Quantos gigas preciso para duas semanas na Malásia?
Entre 8 e 10 GB cobrem a maioria dos viajantes durante duas semanas, contando com Wi-Fi no hotel à noite. O consumo médio ronda 500 MB–1 GB por dia. Se for fazer streaming ou tethering, suba para 15–20 GB.
Posso usar meu número de WhatsApp brasileiro com uma linha malaia?
Sim. WhatsApp, Telegram e Instagram continuam vinculados ao seu número original e funcionam com qualquer conexão de dados. Não precisa mudar nada nem verificar a conta novamente: apenas muda por onde os dados saem.
A Malásia ainda tem rede 3G?
Não. A Malásia desligou sua rede 3G, então seu celular deve suportar 4G LTE para se conectar. Qualquer aparelho dos últimos anos cumpre isso. Se você usar um telefone muito antigo como secundário, verifique se ele é compatível com LTE.

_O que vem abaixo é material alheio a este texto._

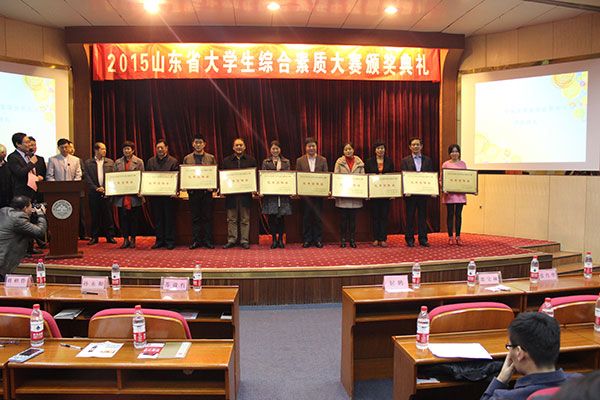 近日, 2015山东省大学生综合素质大赛暨青年人才评价推荐活动总决赛落下帷幕。红足—世足球网学生梅徐超作为前20强选手晋级总决赛,并在总决赛中以优异成绩斩获一等奖,获山东开泰集团邀请,签署了对接意向书。另该校学生董绍贵荣获大赛二等奖、“创业标兵”称号,4名学生荣获“优秀校园大使”称号,甄程老师获“优秀就业指导教师奖”,该校也因此获评“优秀团体奖”。
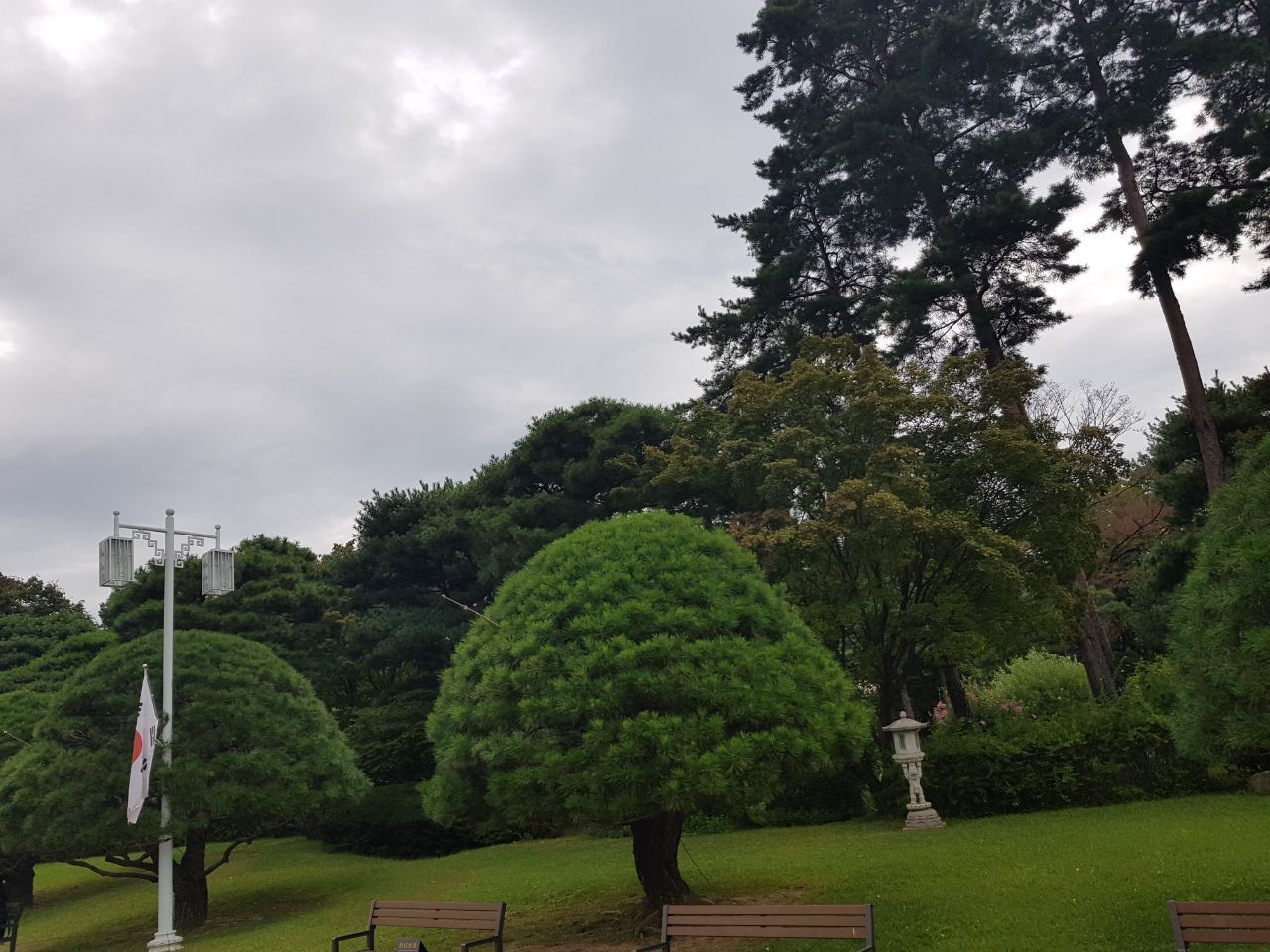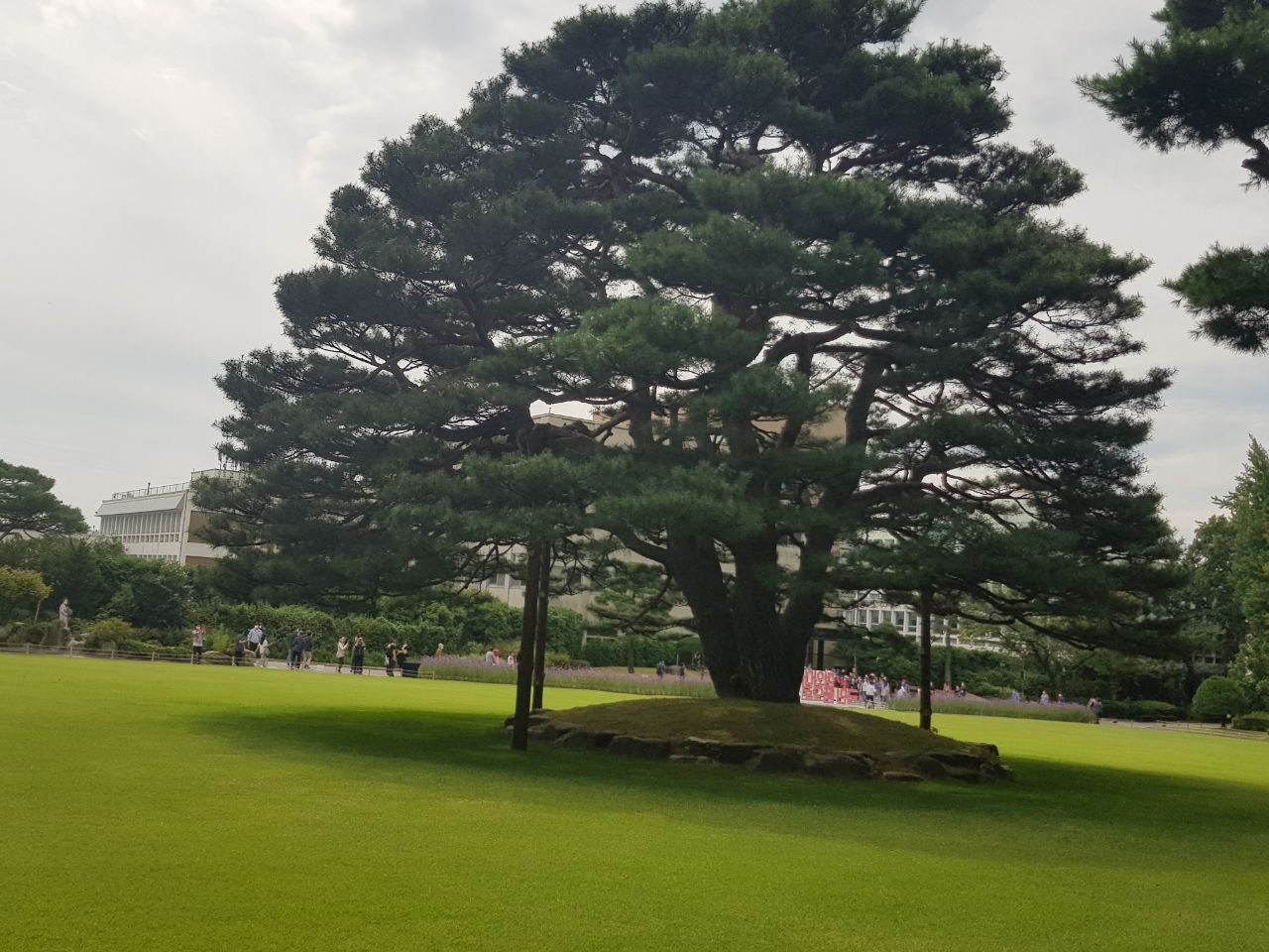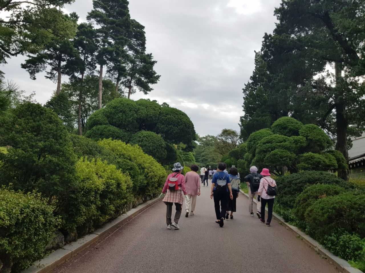 본관에서 나오니 올라오는 길 양쪽으로 일렬로 늘어선 정원수가 일품이었다. 같은 모양의 멋진 나무가 수십 그루 줄을 이어 서 있어 아름다웠다.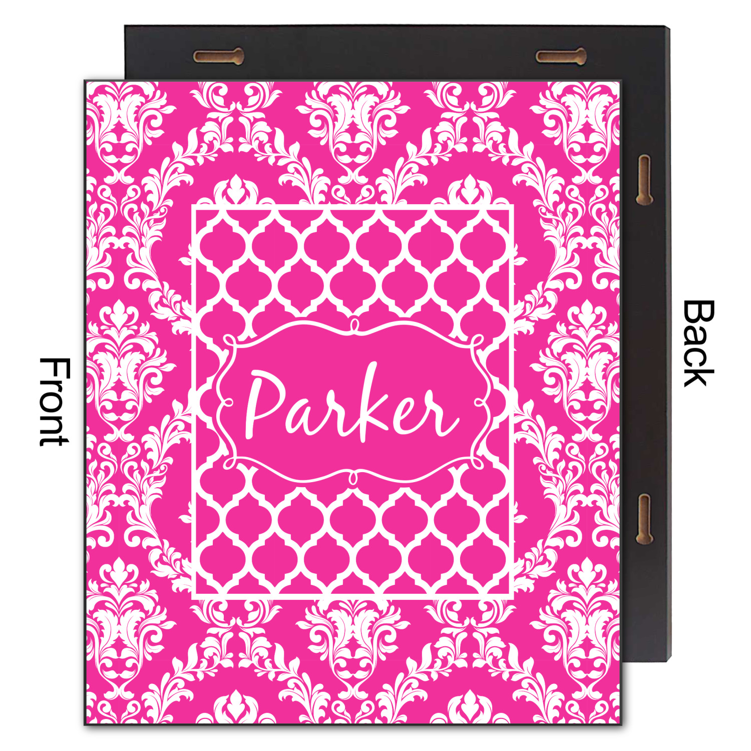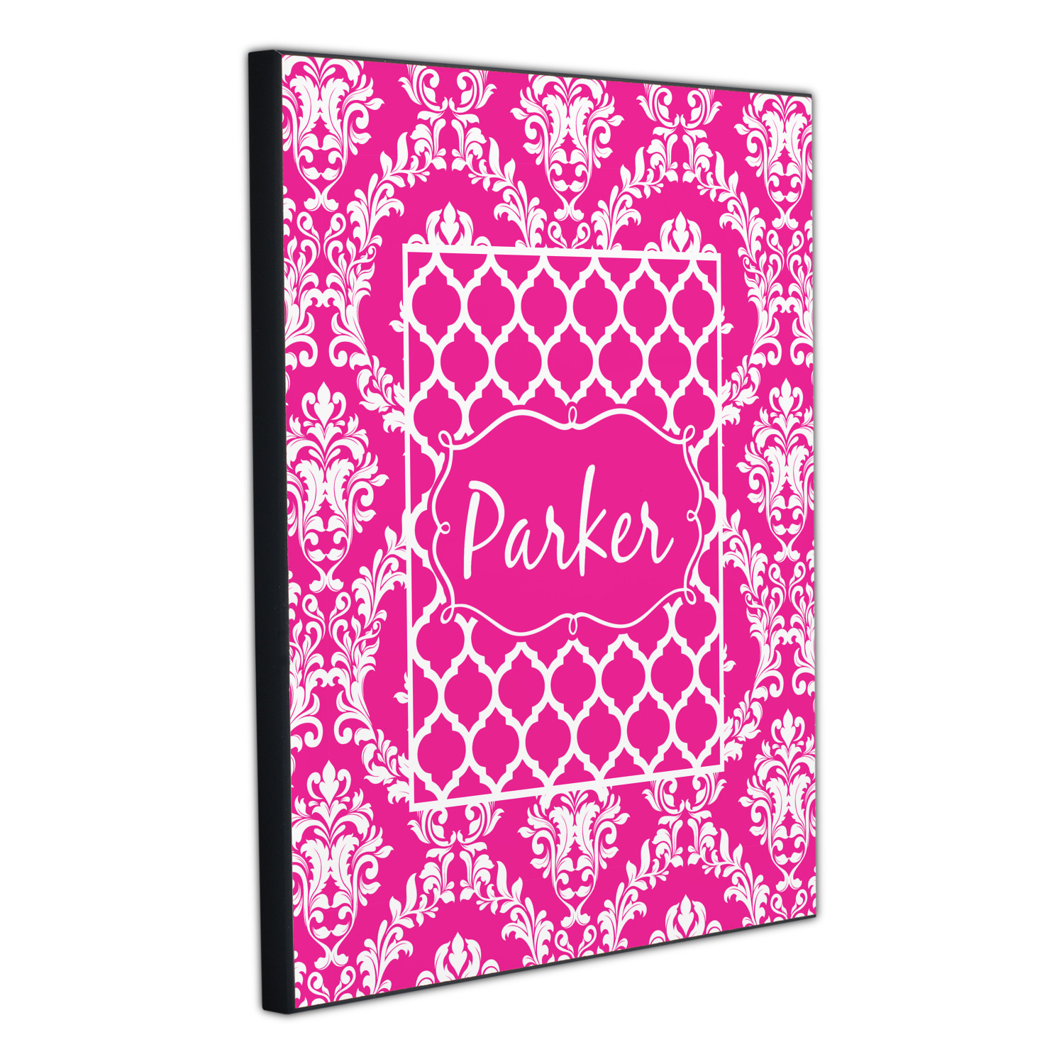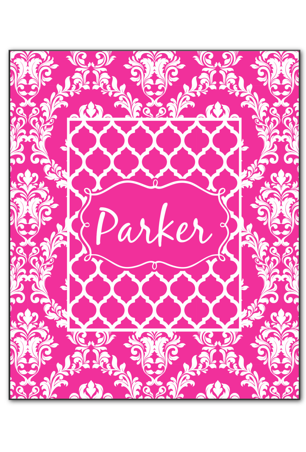 This is one of our new concentric design style - where you can use any two patterns together - we have chose to feature our damask and moroccan / trellis patterns. We chose our hot pink and white for our colors and curlz label with a name for personalization.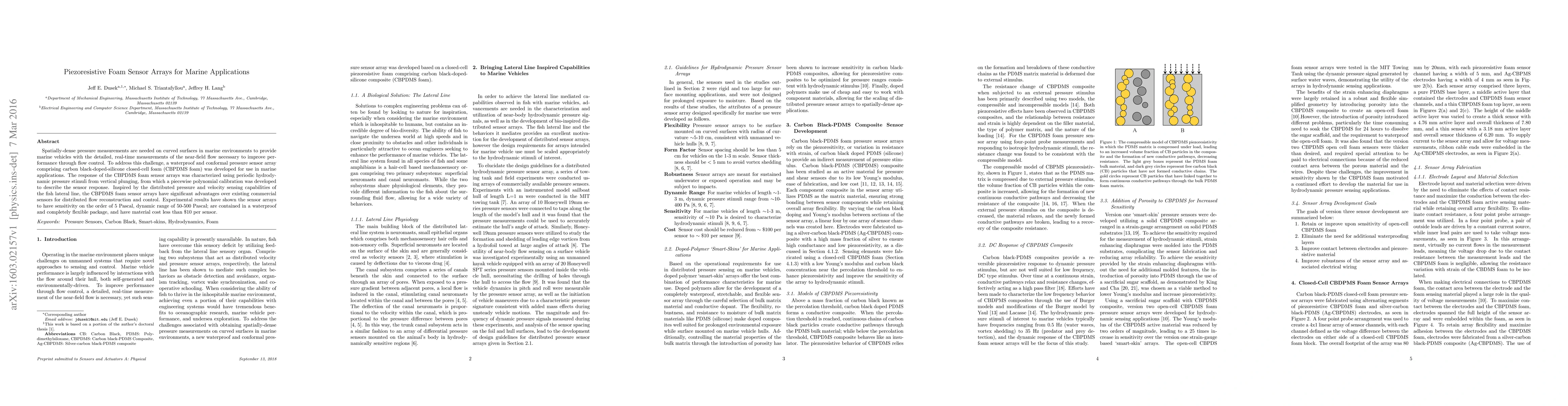 This paper develops waterproof, conformal piezoresistive foam sensor arrays made from carbon black-doped-silicone for marine applications, providing detailed real-time pressure measurements on curved surfaces. The sensor arrays demonstrate high sensitivity and a dynamic range suitable for flow control, with a material cost under $10.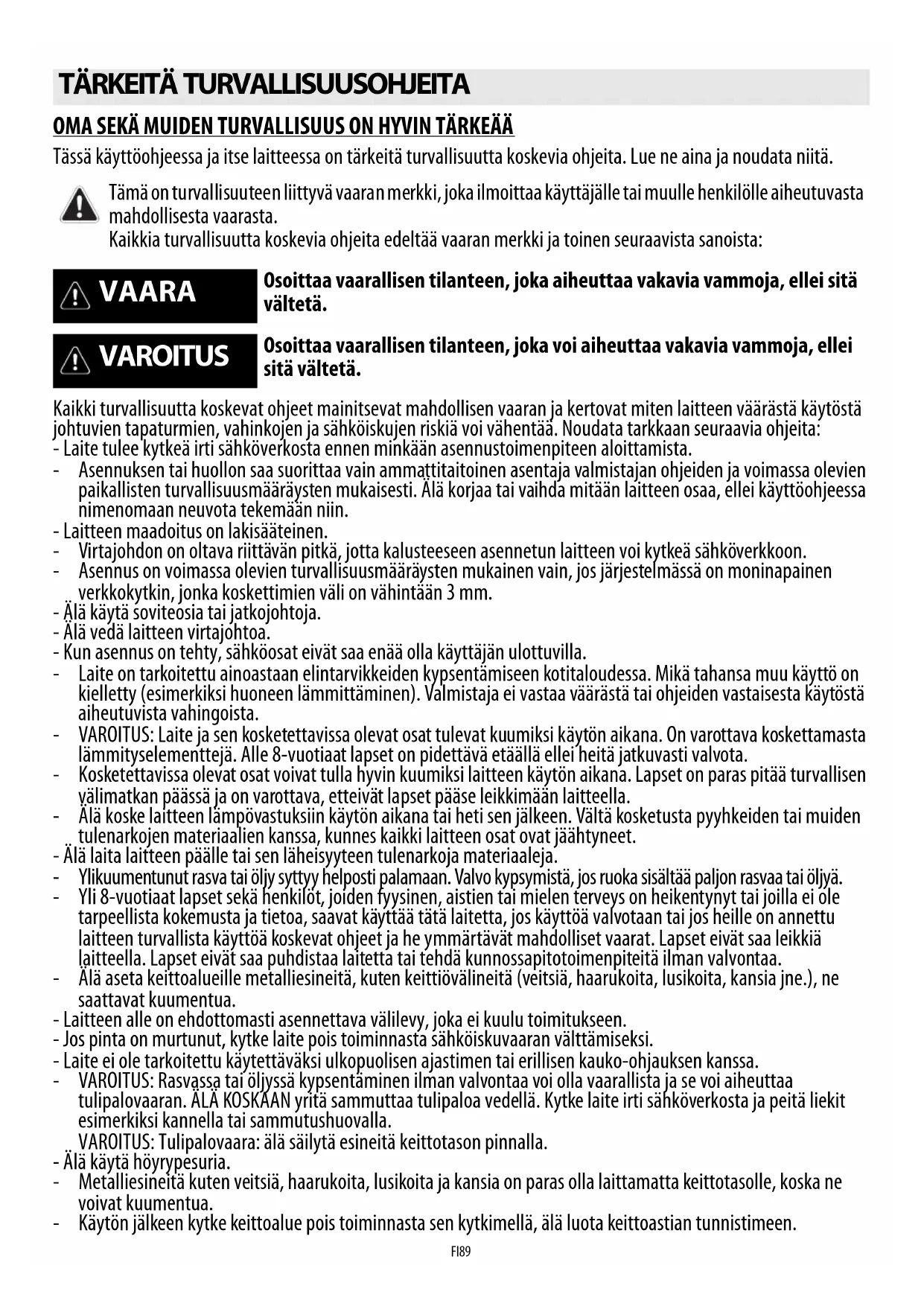 Ideel til varmholdning af netop færdige retter, vending af risotto med de sidste ingredienser og varmholdning af serveringsfade (med tilbehør egnet til induktion) OFF Ingen varme Støtteflade Kogesektionen er i standby eller slukket (mulig restvarme efter tilberedningen, vises med H)FI89 OMA SEKÄ MUIDEN TURVALLISUUS ON HYVIN TÄRKEÄÄ Tässä käyttöohjeessa ja itse laitteessa on tärkeitä turvallisuutta koskevia ohjeita. Lue ne aina ja noudata niitä. Kaikki turvallisuutta koskevat ohjeet mainitsevat mahdollisen vaaran ja kertovat miten laitteen väärästä käytöstä johtuvien tapaturmien, vahinkojen ja sähköiskujen riskiä voi vähentää. Noudata tarkkaan seuraavia ohjeita: - Laite tulee kytkeä irti sähköverkosta ennen minkään asennustoimenpiteen aloittamista. - Asennuksen tai huollon saa suorittaa vain ammattitaitoinen asentaja valmistajan ohjeiden ja voimassa olevien paikallisten turvallisuusmääräysten mukaisesti. Älä korjaa tai vaihda mitään laitteen osaa, ellei käyttöohjeessa nimenomaan neuvota tekemään niin. - Laitteen maadoitus on lakisääteinen. - Virtajohdon on oltava riittävän pitkä, jotta kalusteeseen asennetun laitteen voi kytkeä sähköverkkoon. - Asennus on voimassa olevien turvallisuusmääräysten mukainen vain, jos järjestelmässä on moninapainen verkkokytkin, jonka koskettimien väli on vähintään 3 mm. - Älä käytä soviteosia tai jatkojohtoja. - Älä vedä laitteen virtajohtoa. - Kun asennus on tehty, sähköosat eivät saa enää olla käyttäjän ulottuvilla. - Laite on tarkoitettu ainoastaan elintarvikkeiden kypsentämiseen kotitaloudessa. Mikä tahansa muu käyttö on kielletty (esimerkiksi huoneen lämmittäminen). Valmistaja ei vastaa väärästä tai ohjeiden vastaisesta käytöstä aiheutuvista vahingoista. - VAROITUS: Laite ja sen kosketettavissa olevat osat tulevat kuumiksi käytön aikana. On varottava koskettamasta lämmityselementtejä. Alle 8-vuotiaat lapset on pidettävä etäällä ellei heitä jatkuvasti valvota. - Kosketettavissa olevat osat voivat tulla hyvin kuumiksi laitteen käytön aikana. Lapset on paras pitää turvallisen välimatkan päässä ja on varottava, etteivät lapset pääse leikkimään laitteella. - Älä koske laitteen lämpövastuksiin käytön aikana tai heti sen jälkeen. Vältä kosketusta pyyhkeiden tai muiden tulenarkojen materiaalien kanssa, kunnes kaikki laitteen osat ovat jäähtyneet. - Älä laita laitteen päälle tai sen läheisyyteen tulenarkoja materiaaleja. - Ylikuumentunut rasva tai öljy syttyy helposti palamaan. Valvo kypsymistä, jos ruoka sisältää paljon rasvaa tai öljyä. - Yli 8-vuotiaat lapset sekä henkilöt, joiden fyysinen, aistien tai mielen terveys on heikentynyt tai joilla ei ole tarpeellista kokemusta ja tietoa, saavat käyttää tätä laitetta, jos käyttöä valvotaan tai jos heille on annettu laitteen turvallista käyttöä koskevat ohjeet ja he ymmärtävät mahdolliset vaarat. Lapset eivät saa leikkiä laitteella. Lapset eivät saa puhdistaa laitetta tai tehdä kunnossapitotoimenpiteitä ilman valvontaa. - Älä aseta keittoalueille metalliesineitä, kuten keittiövälineitä (veitsiä, haarukoita, lusikoita, kansia jne.), ne saattavat kuumentua. - Laitteen alle on ehdottomasti asennettava välilevy, joka ei kuulu toimitukseen. - Jos pinta on murtunut, kytke laite pois toiminnasta sähköiskuvaaran välttämiseksi. - Laite ei ole tarkoitettu käytettäväksi ulkopuolisen ajastimen tai erillisen kauko-ohjauksen kanssa. - VAROITUS: Rasvassa tai öljyssä kypsentäminen ilman valvontaa voi olla vaarallista ja se voi aiheuttaa tulipalovaaran. ÄLÄ KOSKAAN yritä sammuttaa tulipaloa vedellä. Kytke laite irti sähköverkosta ja peitä liekit esimerkiksi kannella tai sammutushuovalla. VAROITUS: Tulipalovaara: älä säilytä esineitä keittotason pinnalla. - Älä käytä höyrypesuria. - Metalliesineitä kuten veitsiä, haarukoita, lusikoita ja kansia on paras olla laittamatta keittotasolle, koska ne voivat kuumentua. - Käytön jälkeen kytke keittoalue pois toiminnasta sen kytkimellä, älä luota keittoastian tunnistimeen.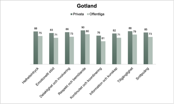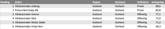 - På Gotland är 6 vårdcentraler med i undersökningen, varav 2 är privat drivna. Det motsvarar 33 procent av vårdcentralerna.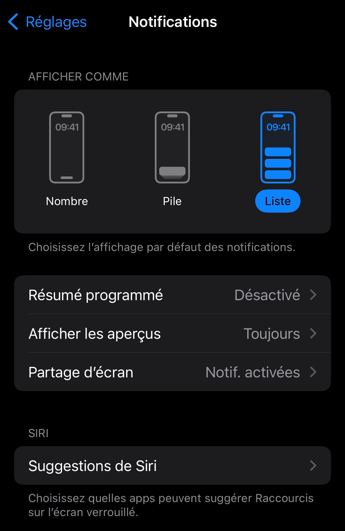 Sur votre appareil Apple (avec la version iOS 17 ou supérieure), dans le menu "Réglages" puis "Notifications", vous pouvez généralement définir comment et quand les notifications s'affichent sur votre appareil :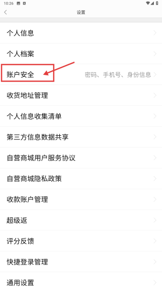 3、在设置界面,点击账户安全选项,查看账户安全相关设置。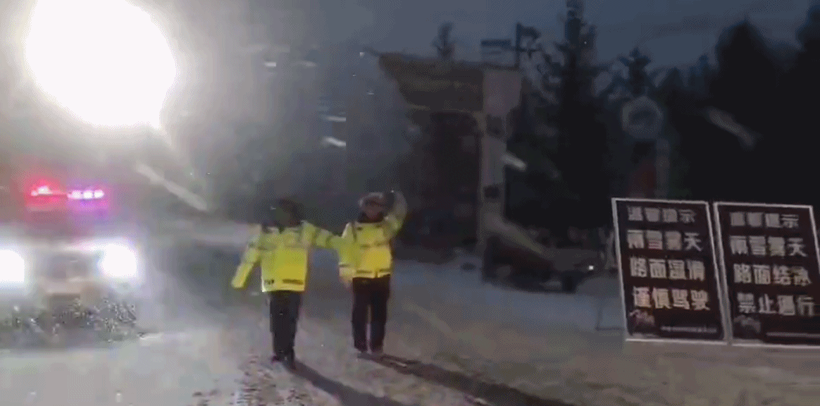 12月13日晚,244国道太白境内、212省道秦岭段等部分地区开始出现因雨雪天气路面结冰后,宝鸡太白、高新、凤县、监管等大队交警全警上路,加强路面指挥疏导,通过警车巡逻喊话、警灯警报警示、电子屏提示等措施,提醒驾驶人安全驾驶。

O Wi-Fi público dos shoppings é seguro?
É conveniente, mas é uma rede aberta e compartilhada: evite banco online e senhas sensíveis. Além disso, muitas redes exigem verificação por SMS, impossível sem dados. Use-o como complemento, nunca como sua única forma de se conectar.
Conclusão: minha recomendação clara
Resumindo a viagem inteira em uma frase: o roaming é um luxo desnecessário, o Wi-Fi é um extra, o SIM local é barato, mas complicado, e o eSIM é o ponto ideal para 90% dos viajantes que vão à Malásia por duas ou três semanas. Você se conecta ao aterrissar, mantém seu número, não pega fila e paga uma fração do que sua operadora cobraria.
Se você quiser o passo a passo concreto de instalação, planos e compatibilidade, confira meu guia do eSIM para a Malásia. E se você já tem certeza, deixe o celular pronto hoje e esqueça o assunto: ative seu eSIM da Malásia aqui e aterre no KLIA com dados desde o primeiro minuto. A gente se vê no próximo destino.